Task objective: Down to the last line, print the entries below exactly, and keep every picture out of the copy.

Records from a data source
━━━━━━━━━━━━━━━━━━━━━━━━━━━━━━
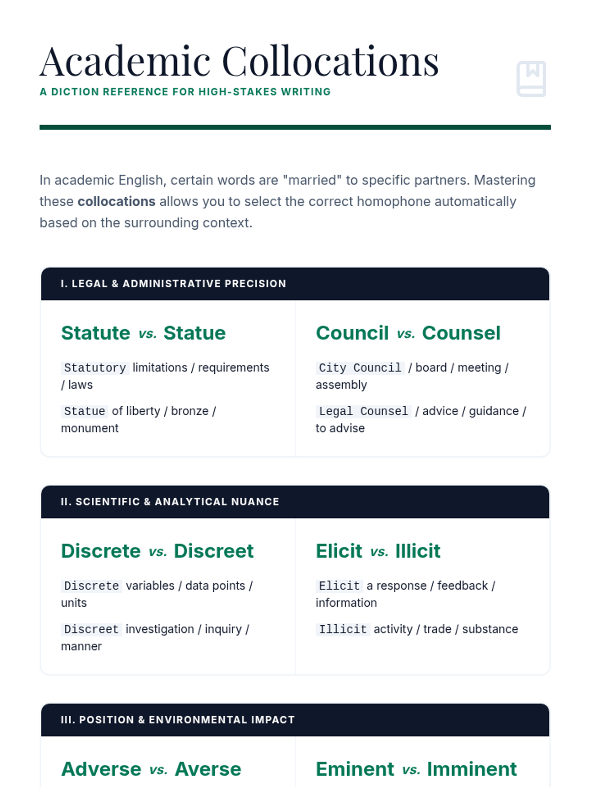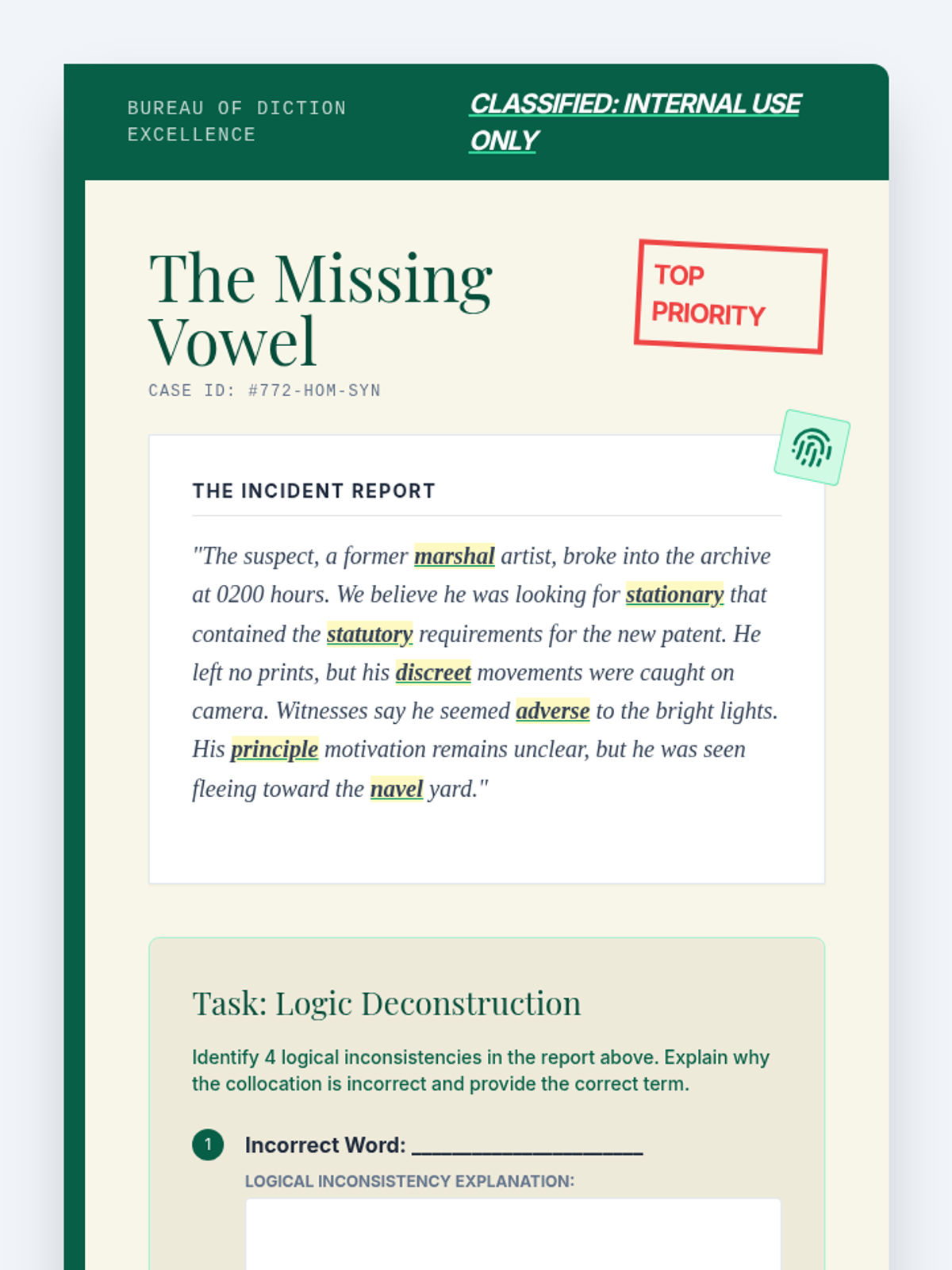 Students investigate how context clues and collocations dictate word choice. They engage in a detective-style activity to identify logical inconsistencies caused by homophone errors.
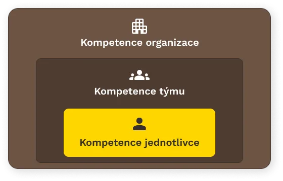 U jednotlivců: 16 klíčových kompetencí ve 3 oblastech – kontextové (firemní kultura, hodnoty), sociální (komunikace, vyjednávání) a technické (plánování, rizika, změny), včetně využívání AI.
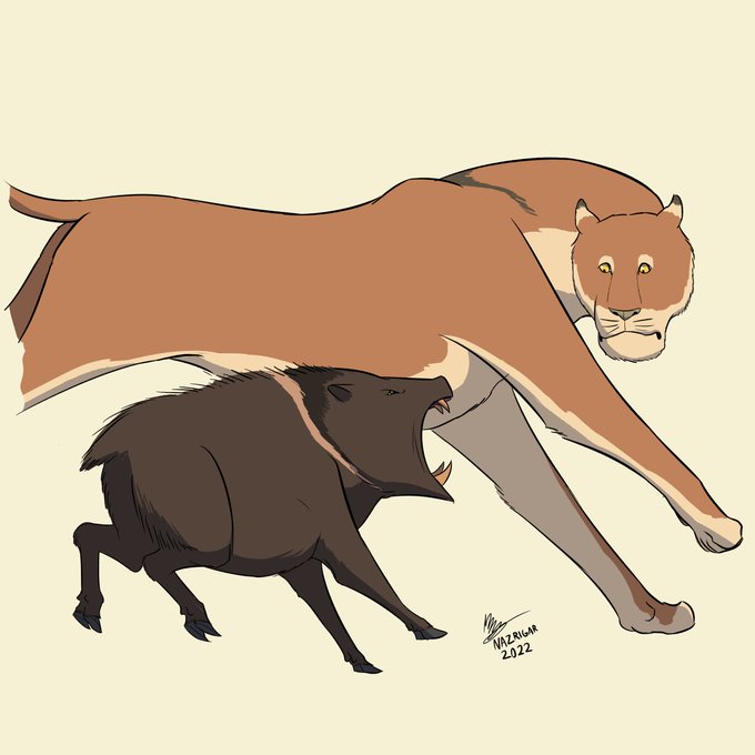 Today's warmup, an angry Platygonus, AKA a big ol' peccary, chases an American Lioness. Inspired by @HodariNundu 's own big ol' peccary drawing and @ausar_the 's post of goofy looking scary animals. #peccary #americanlion #paleoart #paleontology #pleistocene
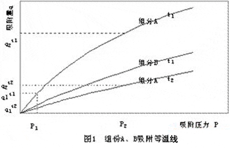 气体吸附分离技术是近年发展较快的一项新技术, 按照再生方式的差异常分为变压吸附法和变温吸附法两类:(1)变压吸附(英文名称Pressure Swing Adsorption,简称为PSA)法提纯或分离单元是根据恒定温度下混合气体中不同组份在吸附剂上吸附容量或吸附速率的差异以及不同压力下组分在吸附剂上的吸附容量的差异而实现的,由于采用了压力涨落的循环操作,强吸附组份在低分压下脱附,吸附剂得以再生;吸附剂的使用寿命一般为十年以上,所以PSA过程基本是无原料消耗过程;(2)变温吸附法(英文名称 Temperature Swing Adsorption,简称为TSA)或变温变压吸附法(简称为PTSA)是根据待分离组份在不同温度下的吸附容量差异实现分离,由于采用温度涨落的循环操作,低温下的被吸附的强吸附组份在高温下得以脱附,吸附剂得以再生,冷却后可再次于低温下吸附强吸附组份。确定是否采用吸附法分离的主要依据为待分离组分之间的吸附等温线,图1为待分离组分A(污染物)、B(非污染物)的在温度为t1或t2的吸附等温线所示:
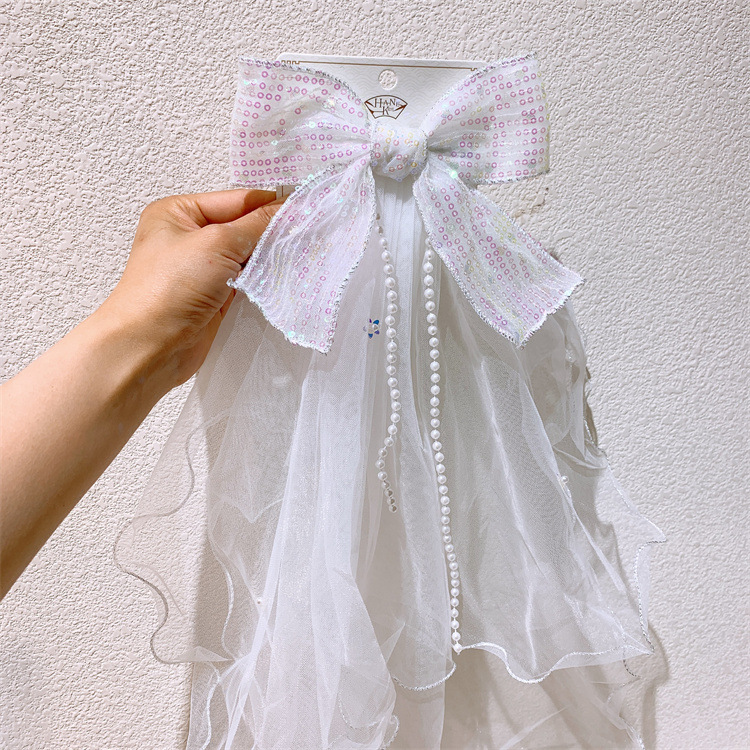 새로운 어린이 거즈 진주 활 머리핀 공주 리본 숄 머리핀 어린 소녀의 베일 탑 클립 모자스토어 가기
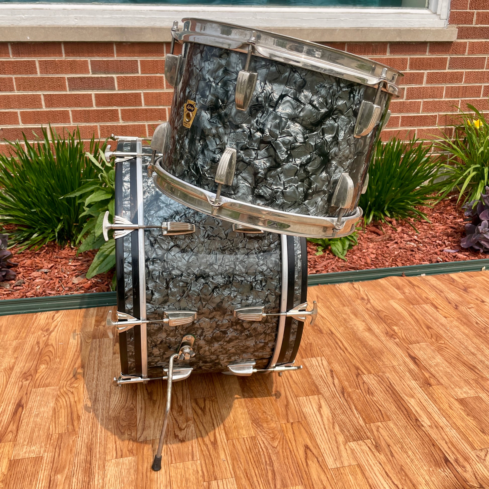 1959 Ludwig New Yorker Drum Set Black Diamond Pearl Trans Badge 22/12
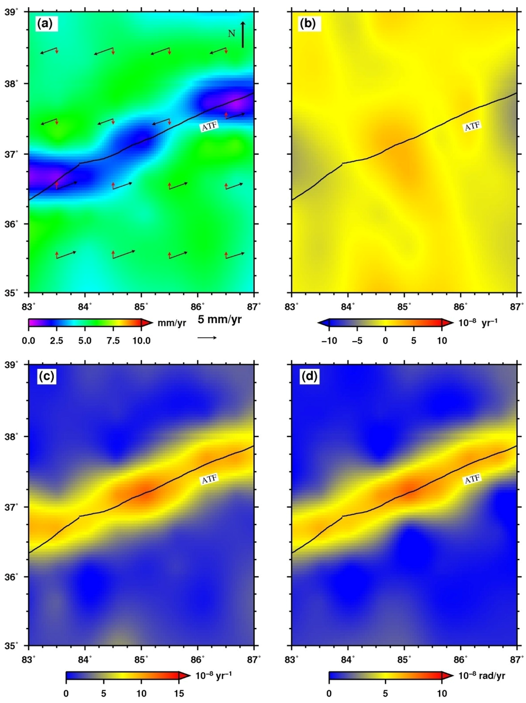 ATF strain map: (a) velocity map, the red arrows show the vertical velocity (directs north means upmotions and south means down motions) and the fat black arrow shows the north direction; (b) dilatation rate; (c) strain rate and (d) rotation rate.
━━━━━━━━━━━━━━━━━━━━━━━━━━━━━━
Output for this exercise:
 Students investigate how context clues and collocations dictate word choice. They engage in a detective-style activity to identify logical inconsistencies caused by homophone errors.
 U jednotlivců: 16 klíčových kompetencí ve 3 oblastech – kontextové (firemní kultura, hodnoty), sociální (komunikace, vyjednávání) a technické (plánování, rizika, změny), včetně využívání AI.
 Today's warmup, an angry Platygonus, AKA a big ol' peccary, chases an American Lioness. Inspired by @HodariNundu 's own big ol' peccary drawing and @ausar_the 's post of goofy looking scary animals. #peccary #americanlion #paleoart #paleontology #pleistocene
 气体吸附分离技术是近年发展较快的一项新技术, 按照再生方式的差异常分为变压吸附法和变温吸附法两类:(1)变压吸附(英文名称Pressure Swing Adsorption,简称为PSA)法提纯或分离单元是根据恒定温度下混合气体中不同组份在吸附剂上吸附容量或吸附速率的差异以及不同压力下组分在吸附剂上的吸附容量的差异而实现的,由于采用了压力涨落的循环操作,强吸附组份在低分压下脱附,吸附剂得以再生;吸附剂的使用寿命一般为十年以上,所以PSA过程基本是无原料消耗过程;(2)变温吸附法(英文名称 Temperature Swing Adsorption,简称为TSA)或变温变压吸附法(简称为PTSA)是根据待分离组份在不同温度下的吸附容量差异实现分离,由于采用温度涨落的循环操作,低温下的被吸附的强吸附组份在高温下得以脱附,吸附剂得以再生,冷却后可再次于低温下吸附强吸附组份。确定是否采用吸附法分离的主要依据为待分离组分之间的吸附等温线,图1为待分离组分A(污染物)、B(非污染物)的在温度为t1或t2的吸附等温线所示:
 새로운 어린이 거즈 진주 활 머리핀 공주 리본 숄 머리핀 어린 소녀의 베일 탑 클립 모자스토어 가기
 1959 Ludwig New Yorker Drum Set Black Diamond Pearl Trans Badge 22/12
 ATF strain map: (a) velocity map, the red arrows show the vertical velocity (directs north means upmotions and south means down motions) and the fat black arrow shows the north direction; (b) dilatation rate; (c) strain rate and (d) rotation rate.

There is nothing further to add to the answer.